- _Task directions_:
What you return must match the entries exactly, except that the pictures are gone.

- _Data for review_:
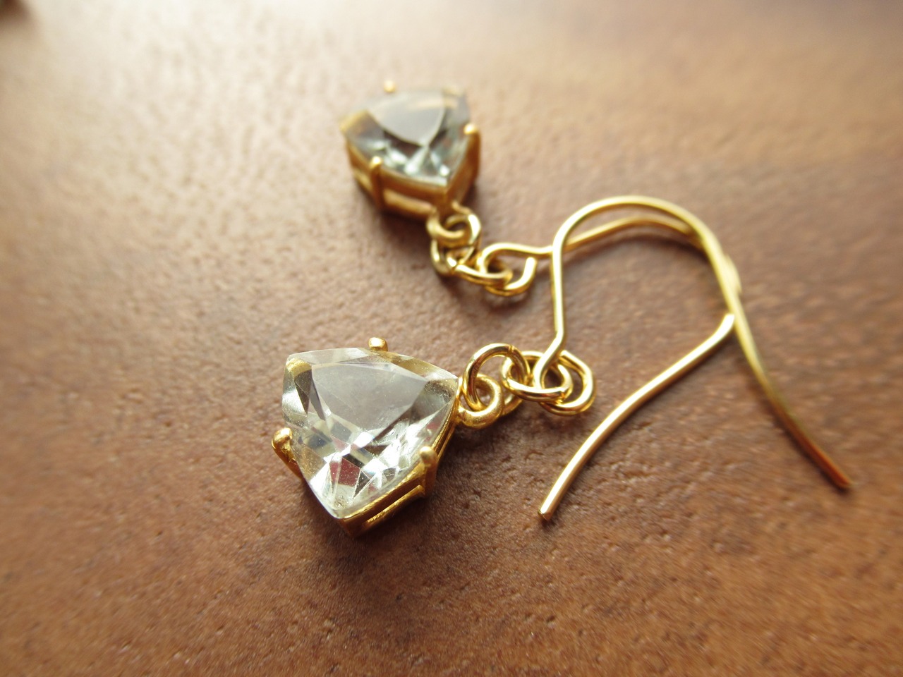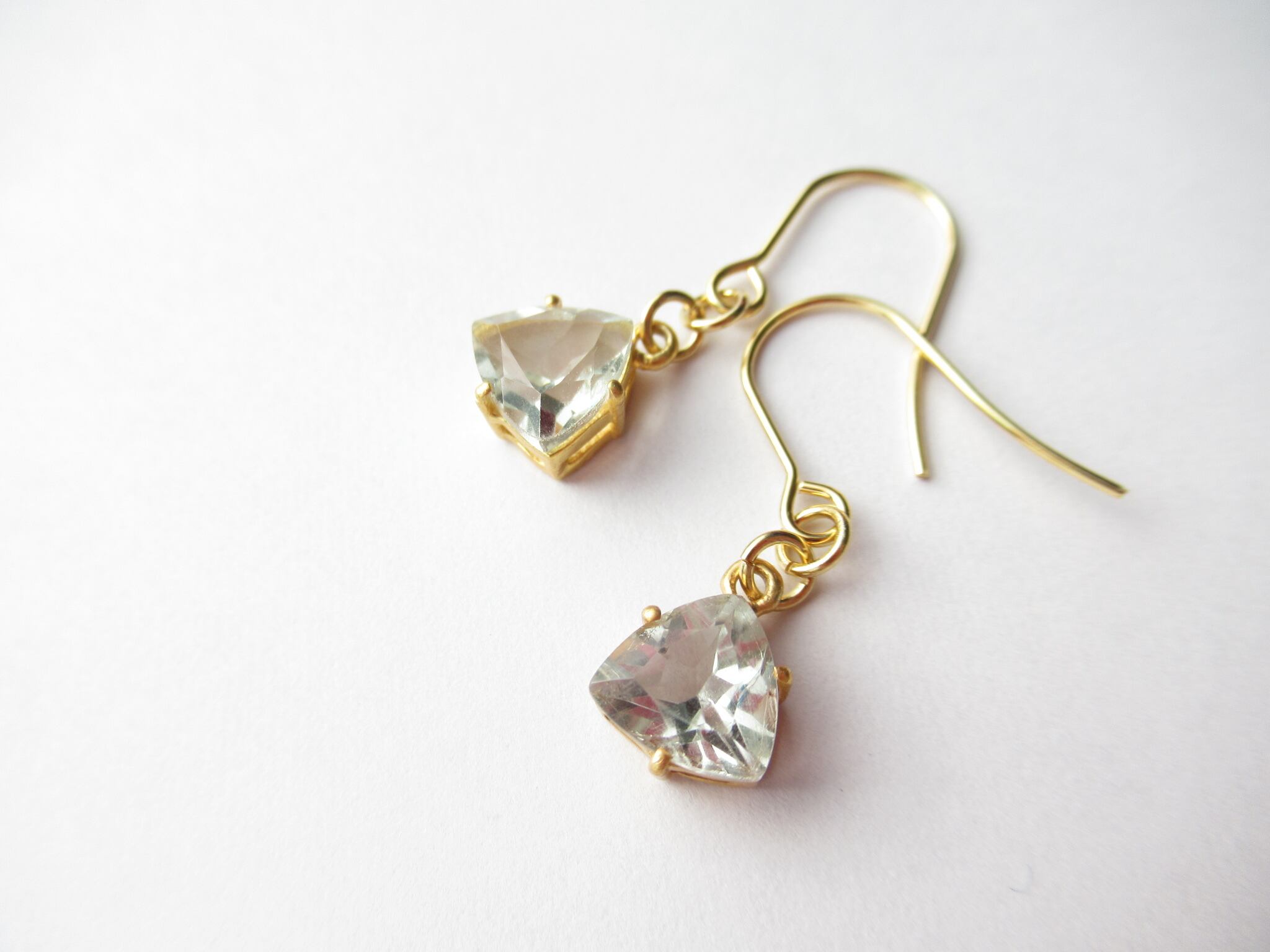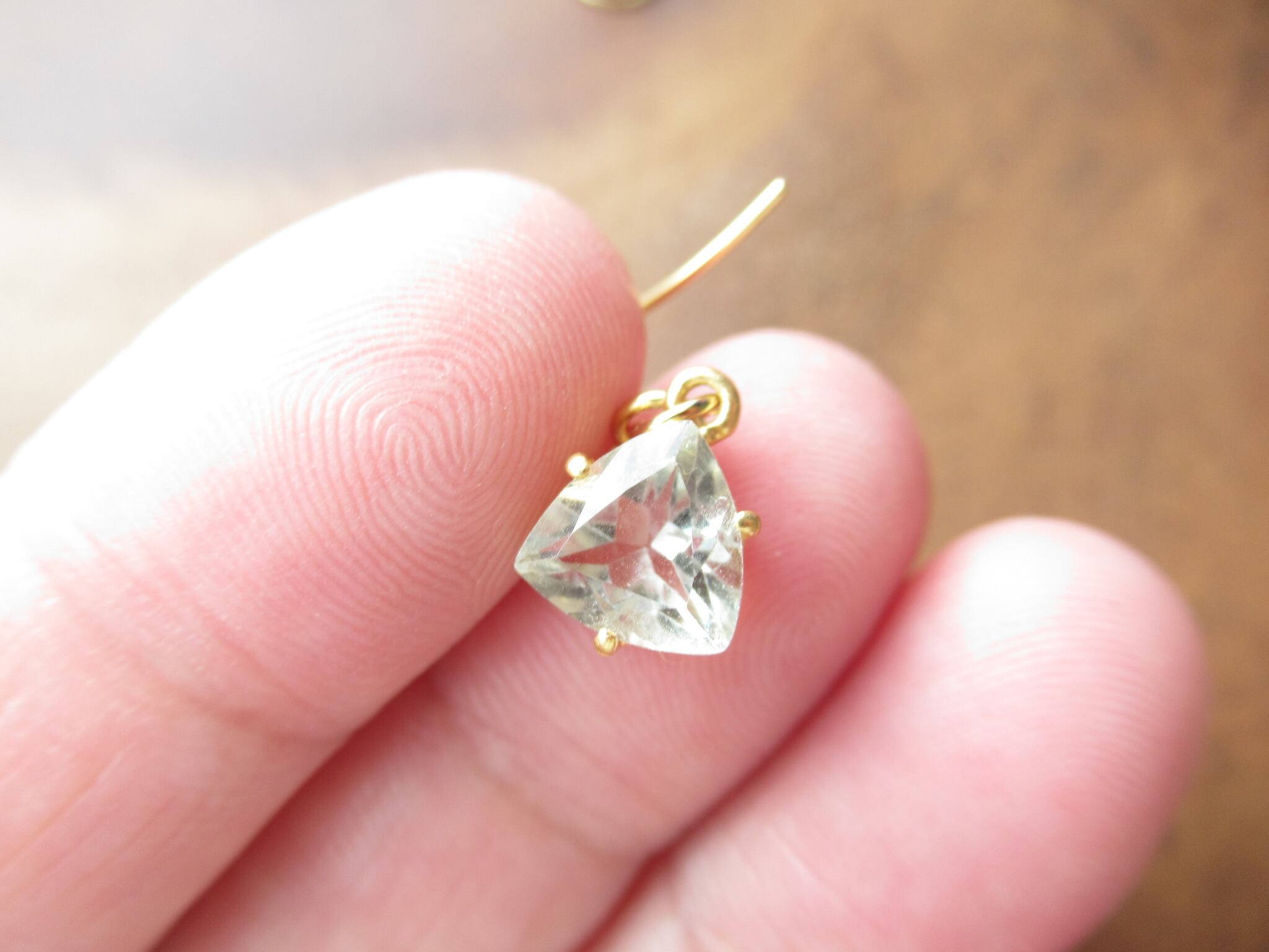 2月の誕生石 宝石質グリーンアメジストのジュエリーカットデザインの耳飾りです。
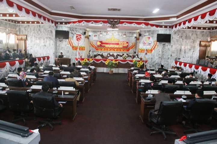 Lampung Utara, Nusantarapos – Mewakili Bupati Kabupaten Lampung Utara (Lampura). Asisten I Pemerintahan dan Kesra, Mankodri, hari ini menghadiri Paripurna DPRD Lampura dalam agenda pembahasan laporan keterangan pertanggung jawaban (LKPJ) Bupati Tahun Anggaran 2020, Jumat (30/4/2021).
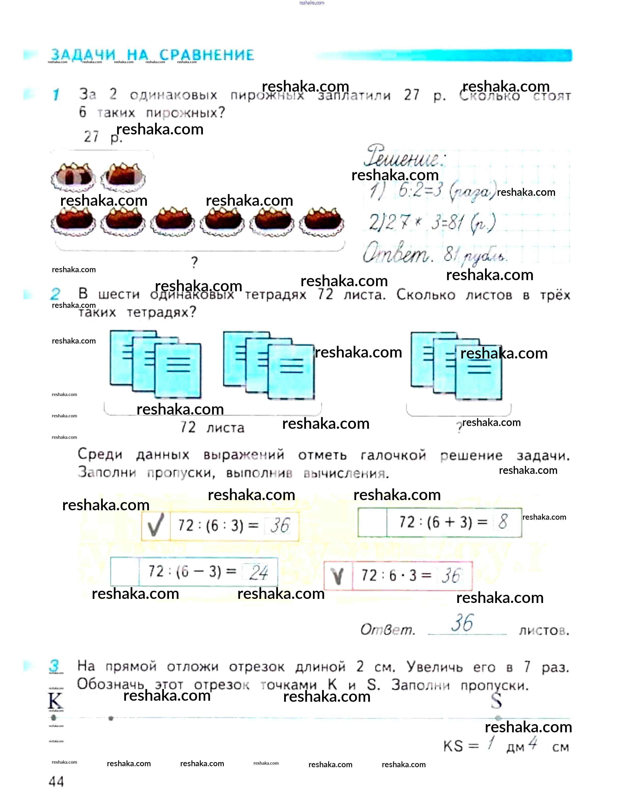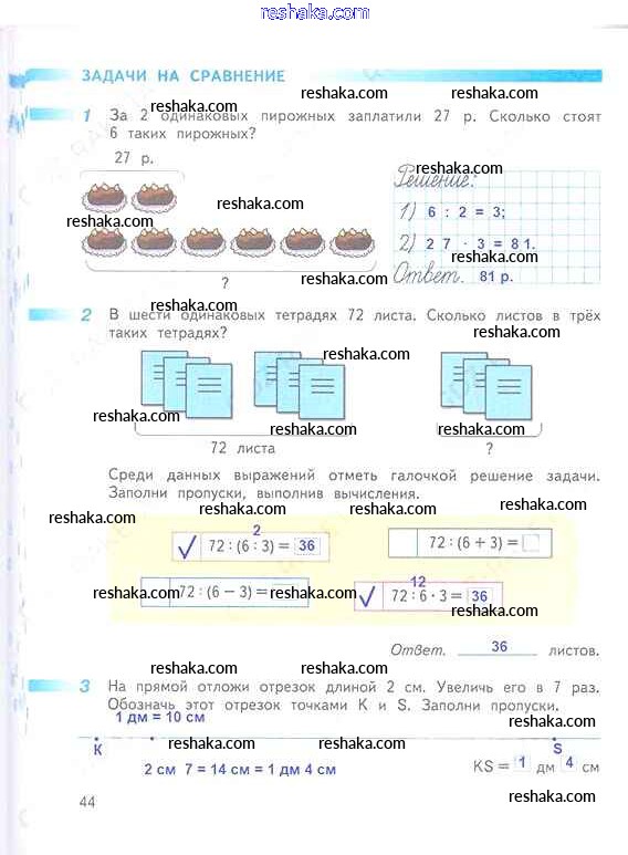 Решака - онлайн ответы Математика Дорофеев, Миракова за 3 класс Рабочая тетрадь ФГОС 2017 - 44
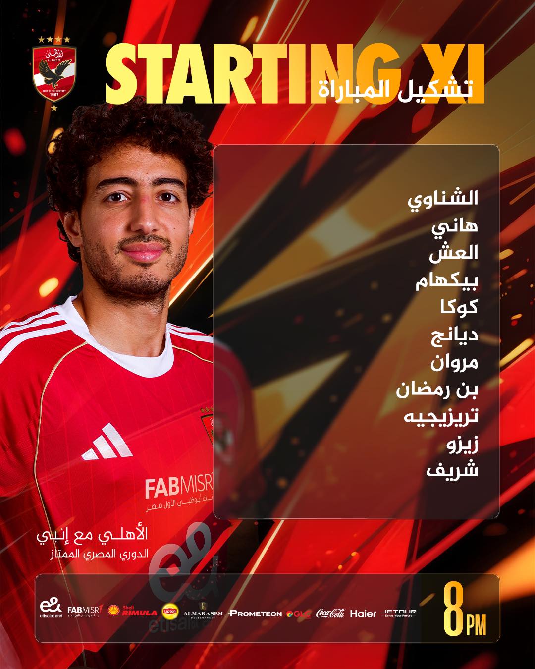 وضم تشكيل الأهلي في مواجهة إنبي جاء كالتالي:
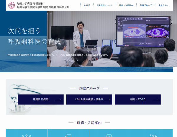 この度、九州大学病院 呼吸器科のWEBサイトをリニューアルいたしました。新しいWEBサイトは、スマートフォン対策も実施し、最新のお知らせ情報や、臨床研究などの情報を開示しています。また入局をご検討の医学生、若手医師に向けたメッセージも提示しましたので、ぜひご覧ください。
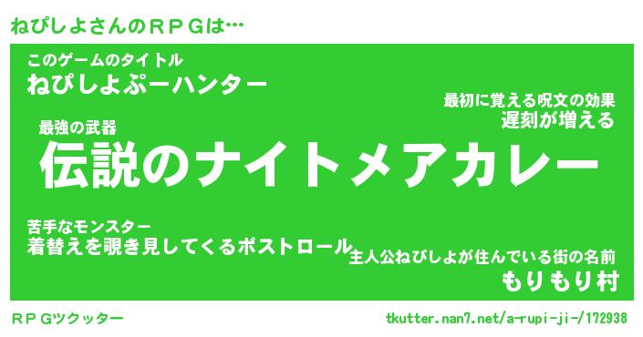 | ヒーロー風カッコイイあだ名 | 『スーパーネピシヨ』『黄金騎士ネピ』 |
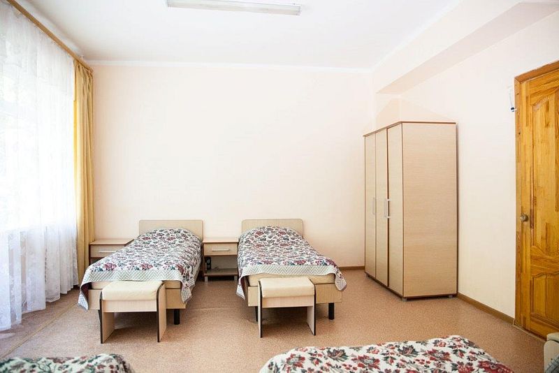 Стандартный трех-пятиместный номер с удобствами на этаже. Телевизор и холодильник на этаже.
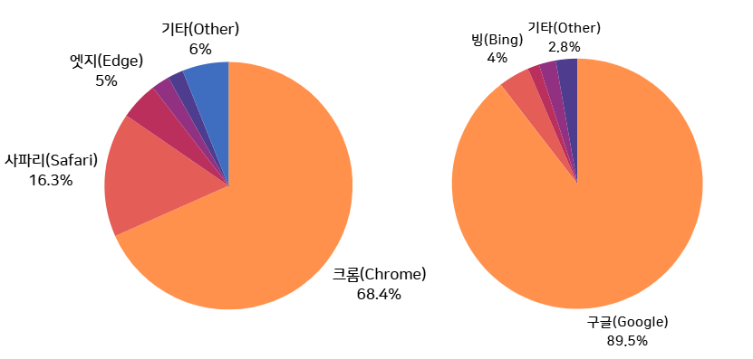크롬이 중요한 이유를 조금 더 깊게 살펴보겠습니다. 우선, 전 세계에서 크롬 브라우저를 사용하는 사람은 30억 명이 넘습니다. 데스크톱과 모바일을 합친 전 세계 브라우저 시장 점유율에서 크롬은 약 68%를 차지하며 부동의 1위인데요. 우리가 매일 크롬을 열어 웹서핑을 하고, 주소창에 검색어를 입력하는 그 순간순간이 모두 구글의 트래픽과 데이터로 연결됩니다. 이용자가 크롬을 통해 남기는 방대한 웹 활동 데이터와 검색 쿼리는 현대 디지털 광고 시장과 AI 개발 경쟁에서 핵심 자원으로 통하는 것입니다.

- _Problem solution_:
 2月の誕生石 宝石質グリーンアメジストのジュエリーカットデザインの耳飾りです。
 Lampung Utara, Nusantarapos – Mewakili Bupati Kabupaten Lampung Utara (Lampura). Asisten I Pemerintahan dan Kesra, Mankodri, hari ini menghadiri Paripurna DPRD Lampura dalam agenda pembahasan laporan keterangan pertanggung jawaban (LKPJ) Bupati Tahun Anggaran 2020, Jumat (30/4/2021).
 Решака - онлайн ответы Математика Дорофеев, Миракова за 3 класс Рабочая тетрадь ФГОС 2017 - 44
 وضم تشكيل الأهلي في مواجهة إنبي جاء كالتالي:
 この度、九州大学病院 呼吸器科のWEBサイトをリニューアルいたしました。新しいWEBサイトは、スマートフォン対策も実施し、最新のお知らせ情報や、臨床研究などの情報を開示しています。また入局をご検討の医学生、若手医師に向けたメッセージも提示しましたので、ぜひご覧ください。
 | ヒーロー風カッコイイあだ名 | 『スーパーネピシヨ』『黄金騎士ネピ』 |
 Стандартный трех-пятиместный номер с удобствами на этаже. Телевизор и холодильник на этаже.
크롬이 중요한 이유를 조금 더 깊게 살펴보겠습니다. 우선, 전 세계에서 크롬 브라우저를 사용하는 사람은 30억 명이 넘습니다. 데스크톱과 모바일을 합친 전 세계 브라우저 시장 점유율에서 크롬은 약 68%를 차지하며 부동의 1위인데요. 우리가 매일 크롬을 열어 웹서핑을 하고, 주소창에 검색어를 입력하는 그 순간순간이 모두 구글의 트래픽과 데이터로 연결됩니다. 이용자가 크롬을 통해 남기는 방대한 웹 활동 데이터와 검색 쿼리는 현대 디지털 광고 시장과 AI 개발 경쟁에서 핵심 자원으로 통하는 것입니다.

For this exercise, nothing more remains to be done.